En effet, reparti du dernier Festival de Deauville avec le Grand Prix et le Prix du Public, mais également raflant tous les suffrages partout ailleurs, ce second film de Damien Chazelle (après un premier long déjà sur le thème de la musique, mais inédit en France) avait largement de quoi attiser les espoirs placés en lui , mais aussi , comme c'est souvent le cas lorsqu'un film déclenche une telle unanimité, décevoir ces attentes et retomber comme un soufflé.
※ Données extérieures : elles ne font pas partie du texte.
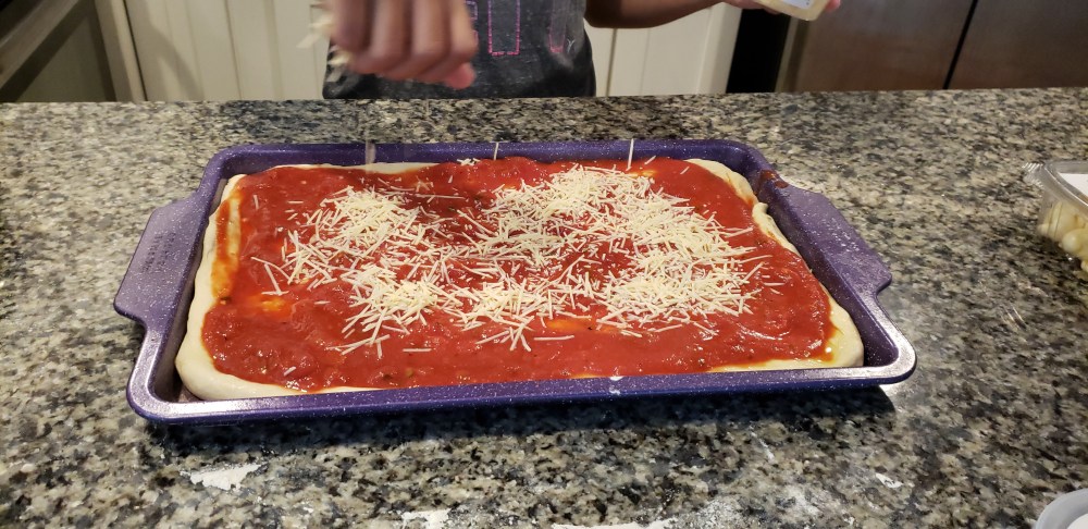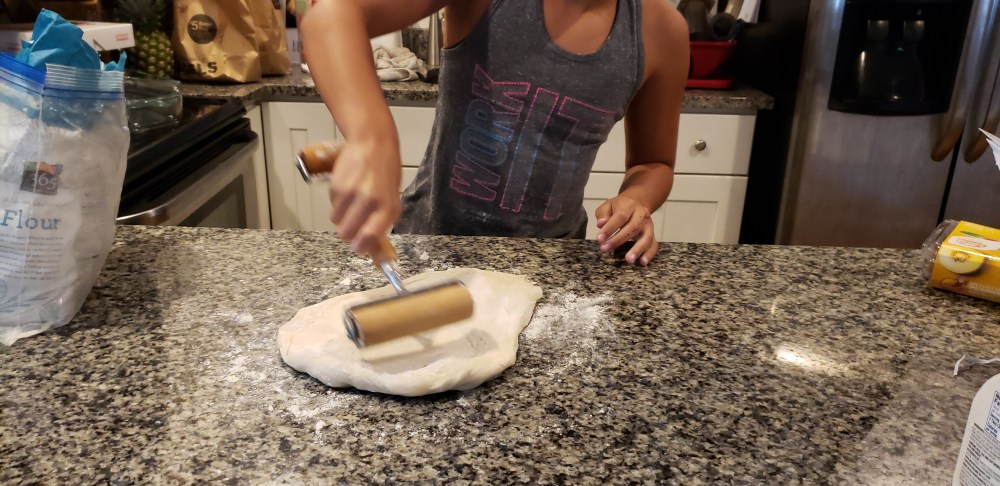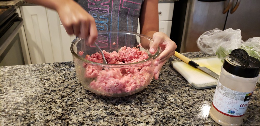 Mia is so excited to help me cook Sunday dinner, she told me she wants to learn all of my recipes. Of course I was happy and I was just as excited for her to learn. We started with my homemade pizza, while that was cooking we started to prepare the meatballs.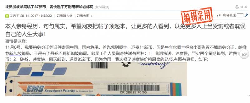被新加坡邮局坑了87新币,寄快递千万别用新加坡邮局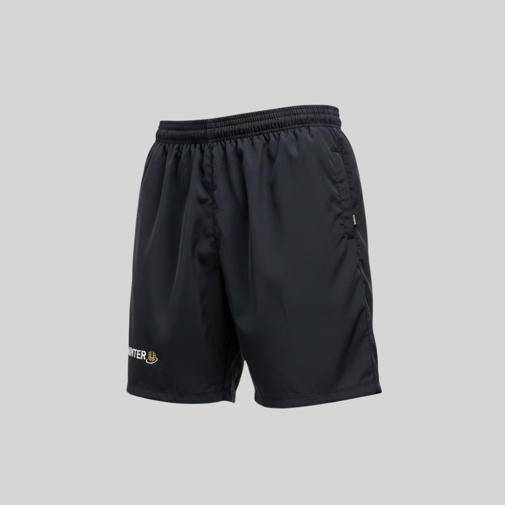 Na parte frontal, a bermuda possui a logomarca da Uninter aplicada de forma discreta, garantindo identidade institucional. O design foi desenvolvido para oferecer liberdade de movimentos e conforto, sendo uma peça funcional e versátil para o dia a dia acadêmico e esportivo.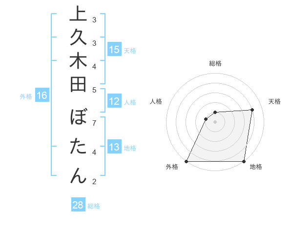 上久木田 ぼたんさんを姓名の画数から五運を鑑定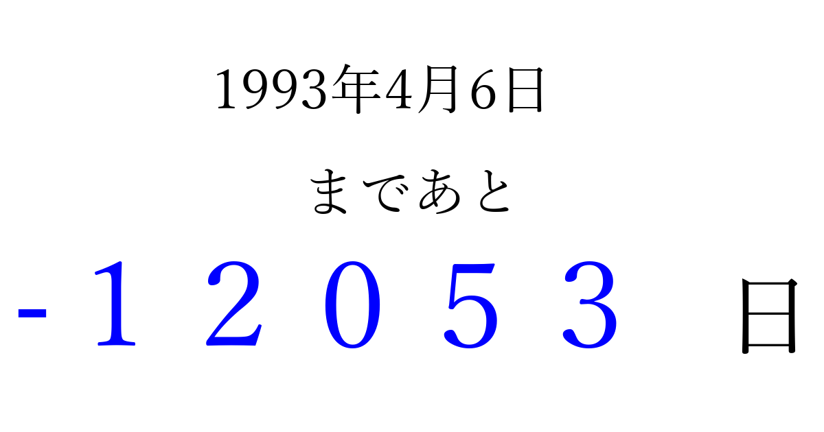 1993年4月6日(火)は もう 00000 日過ぎました 追加すると、トップページからすぐ選べるようになります ※2026/04/06現在の結果です。 最新の状態に更新する ↓シェアして、タイムライン上にカウントダウンを表示しよう!↓ 📤 この結果を共有する Tweet シェア Threads Bluesky 別の日付でカウントダウン 1993年4月のカレンダー このページをブックマークに追加すると、いつでもカウントダウンを確認できます。 (PC: Ctrl+D / Mac: ⌘+D) hitome-notes.comでは以下のページも運営しています。 指定日と期間から日付を計算 | ガチャ確率計算・シミュレーション | プライバシー・ポリシー 運営者:Avocado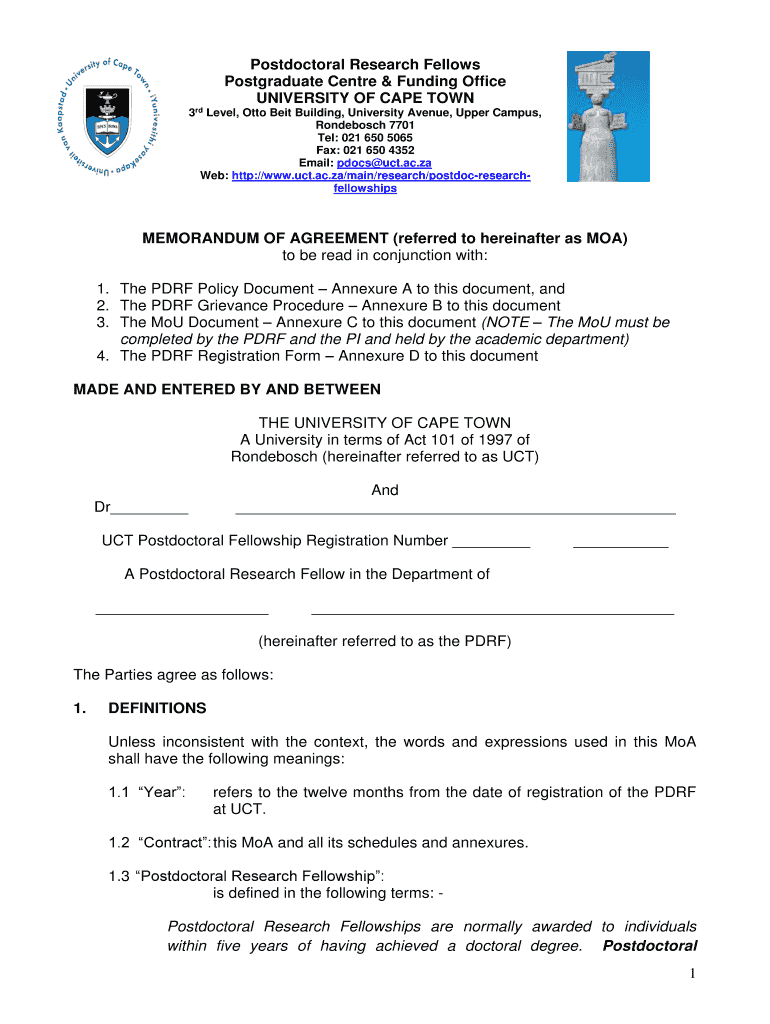 Get the free Postdoctoral Research Fellows at the University of Cape Town.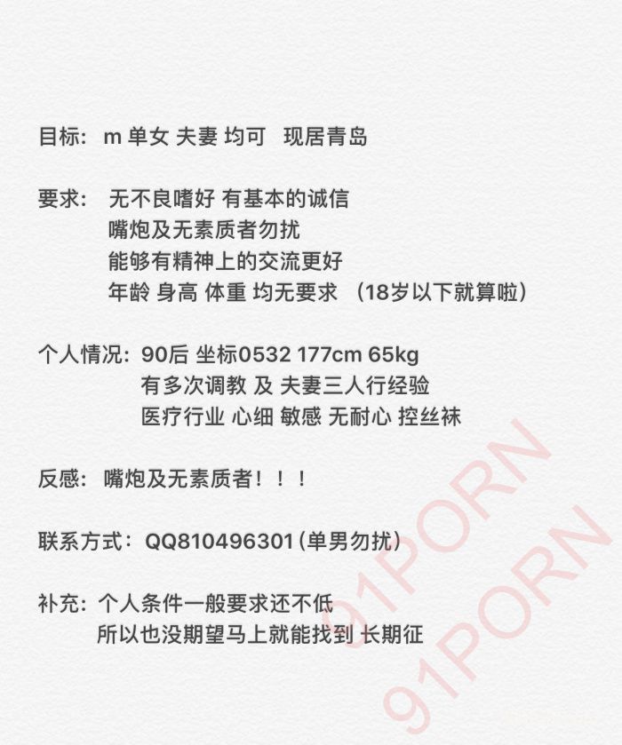 目标: m 单女 夫妻 均可 现居青岛

Or, à la vision des premières minutes de ce long métrage de ce cinéaste même pas trentenaire (le genre de détails qui m'épate largement moi le presque quadra), j'ai été très vite rassuré tant "Whiplash" fait partie des grands films de cette année, car c'est une oeuvre qui dégage une énergie incroyable, révélatrice d'une maitrise et d'une vraie passion, autant pour la musique (la première passion du metteur en scène) que pour le cinéma.
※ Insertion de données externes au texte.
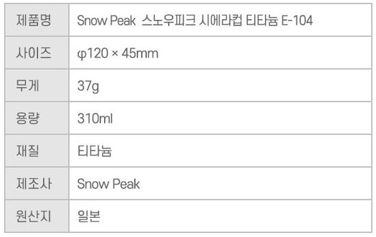 스노우피크 시에라컵 티타늄 E-104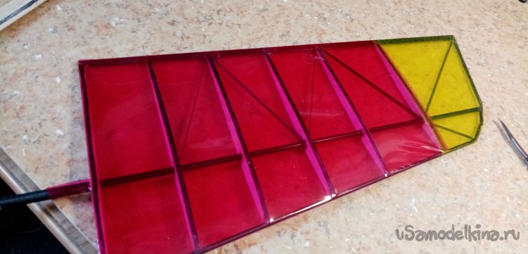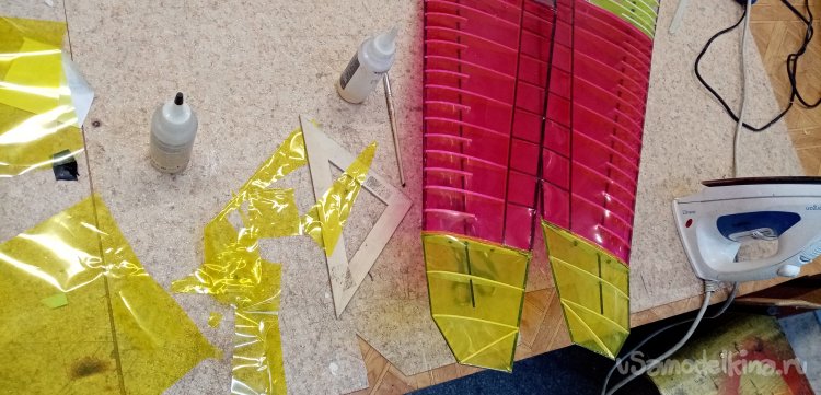 Обтягиваю ушки прозрачной крашенной лавсановой пленкой по стандартной технологии. Сначала промазываю каркас ушка разведенным термореактивным клеем. Затем второй слой более густым. Раскраиваю пленку с некоторым припуском примерно по пять сантиметров с каждой стороны и обтягиваю каркас ушка по контуру. Особенно тщательно место соединения с крылом. Поскольку место склейки небольшой площади, при нагреве обшивки на завершающем этапе она может поползти. Отрезаю излишки пленки. Промазываю торцы клеем и обтягиваю вторую сторону каркаса. Нужно стараться укладывать пленку ровнее, без складок и волнушек. Натягивать можно при помощи утюга или строительным феном с регулировкой температуры.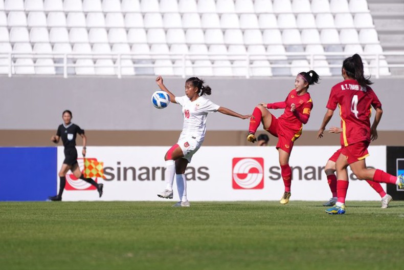 U19 nữ Myanmar (áo trắng) có bàn thắng mở tỷ số ở phút thứ 10.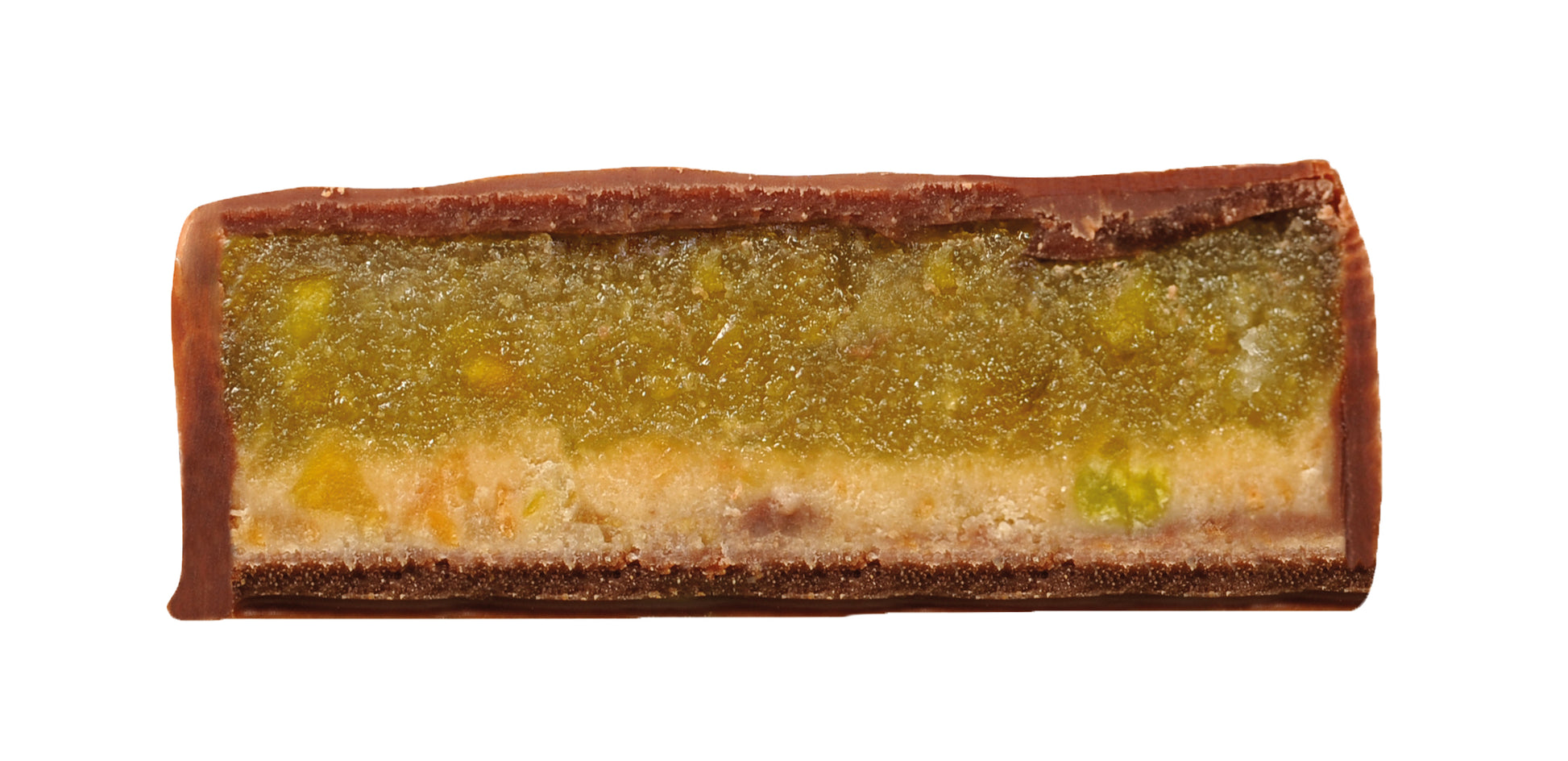 Pistaschnötter, det allra bästa från Iran, kan nu avnjutas i form av en delikat chokladkaka med två lager: ett med pistaschmarsipan som har smaksatts med ett aniste och ett med mandelpralin. Båda lagren omges av en aromatisk mörk mjölkchoklad.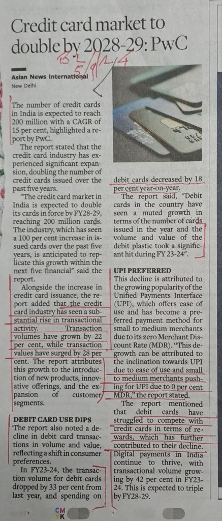 Credit Card business to double by 2028-29–predicts PwC– Courtesy BL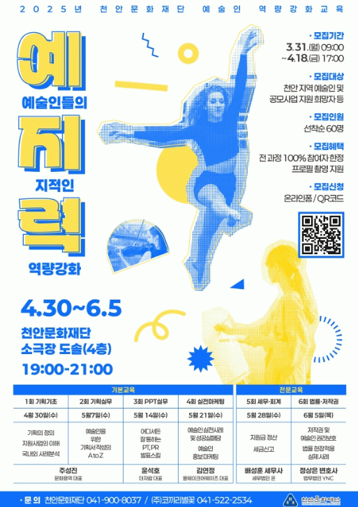 ¿¹.Áö.·ÂÀº ¿¹¼úÀεéÀÇ ÁöÀûÀÎ ¿ª·®°ÈÀÇ ÁÙÀÓ¸»·Î, ¹®È¿¹¼ú °ü·Ã °ø¸ð»ç¾÷ Áö¿ø ½Ã ÇÊ¿äÇÑ ±âº»±³À°°ú Àü¹®±³À°À» Á¦°øÇÑ´Ù.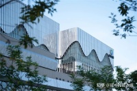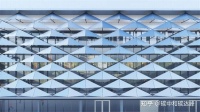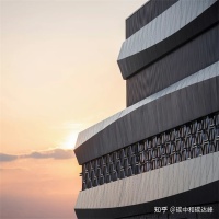 - “玉带环腰”中间环绕建筑一周的白色铝板幕墙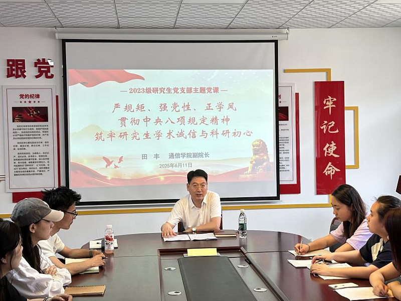 2025年6月11日,ok1122诸侯快讯副院长田丰以《贯彻中央八项规定精神 筑牢研究生学术诚信与科研初心》为题,为2023级研究生党支部讲授专题党课,支部全体党员共计60余人参加。

Et au contraire de la grande majorité de la production indépendante américaine qui se complait dans la langueur et la contemplation (ce cinéma dont les Betes du Sud Sauvage en était pour moi l'illustration la plus édifiante), ce Whiplash frappe par l'énergie et le rythme que le jeune cinéaste, ancien batteur, insuffle à sa mise en scène.
Sur un récit d’apprentissage artistique qui fait parfois penser au tout aussi réussi Black Swan, le film insiste sur un apprentissage radical, violent, le seul qui puisse permettre à l’élève d’atteindre son but, et un état de grâce unique que seul son art peut lui apporter. Et seul un professeur prenant du plaisir dans le sadisme arrivera à faire sortir ses élèves de ses gongs afin que ceux ci puissent se dépasser.
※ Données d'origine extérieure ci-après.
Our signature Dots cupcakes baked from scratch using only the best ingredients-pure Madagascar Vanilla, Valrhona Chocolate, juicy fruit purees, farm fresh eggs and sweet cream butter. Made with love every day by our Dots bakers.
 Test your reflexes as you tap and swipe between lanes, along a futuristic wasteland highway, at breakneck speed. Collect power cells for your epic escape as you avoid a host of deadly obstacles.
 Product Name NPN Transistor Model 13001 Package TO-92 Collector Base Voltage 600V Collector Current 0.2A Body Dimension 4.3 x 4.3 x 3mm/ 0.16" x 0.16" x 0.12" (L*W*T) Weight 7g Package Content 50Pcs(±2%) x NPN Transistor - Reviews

Sous couvert de thriller de plus en plus tendu, le film creuse de très belle manière la question de l’inné contre l’acquis et nous montre bien que le talent n'est absolument pas suffisant s'il n'y a pas de travail ardu et poussé pour l'accompagner, principe que l'on voit rarement dans un film musical, où l'on a souvent l'impression que tout tombe du ciel au personnage principal. Dans "Whisplash", c'est par le travail que l’on devient le meilleur, et celui qui est prêt à faire les sacrifices inhérents à ce dur labeur pourra peut-être obtenir une possibilité d’atteindre son but.
Et forcément quiconque accepte cette philosophie ne doit pas avoir beaucoup d'états d'âme et de scrupules, et c'est ainsi que le héros du film, cet Andrew Newman poussé dans ses retranchements par ce professeur sadique, n'est pas forcément très sympathique, pret à être impitoyable avec ses proches et notamment avec sa jeune compagne, obstacle potentiel à sa carrière, avec qui il n'hésitera pas soudainement à rompre.
Dans ce rôle de prodige déterminé, Miles Teller ( que j'avais déjà remarqué dans le très beau "Rabbit Hole") porte assurément le film, incarnant la détermination obstinée d’Andrew avec toute l’intensité et l'ambiguité nécessaires. Face à lui, le très charismatique J.K. Simmons (que j'avais assez peu vu dans de gros rôles jusqu'à présent) excelle en chef d’orchestre tyrannique prêt à lui faire subir toutes les tortures psychologiques.
Filmé au plus près des corps et des caisses de batteries, ce Whiplash , qui casse les codes du film musical en montrant l'art musical comme un combat permanent, use d'une mise en scène particulièrement physique, afin de dégainer plusieurs salves particulièrement intenses, atteignant parfois des sommets de férocité rendant le spectateur parfois mal à l'aise mais toujours sous tension .
On aime particulièrement la façon dont Chapelle parvient à doser les répliques assassines qui font mouche avec des mouvements de caméra qui parviennent à mettre en valeur les morceaux de bravoure faits à la batterie, instrument pas le plus cinégénique au départ
Apothéose du bras de fer qui parcourt tout le film, la séquence musicale finale, étirée jusqu’à l’épuisement, clot en beauté ce qui est incontestablement un des meilleurs films musicaux de ces dernières années.
Pour toutes ces raisons, Whiplash s’impose de fait comme parmi les films marquants de cette belle année cinéma 2014.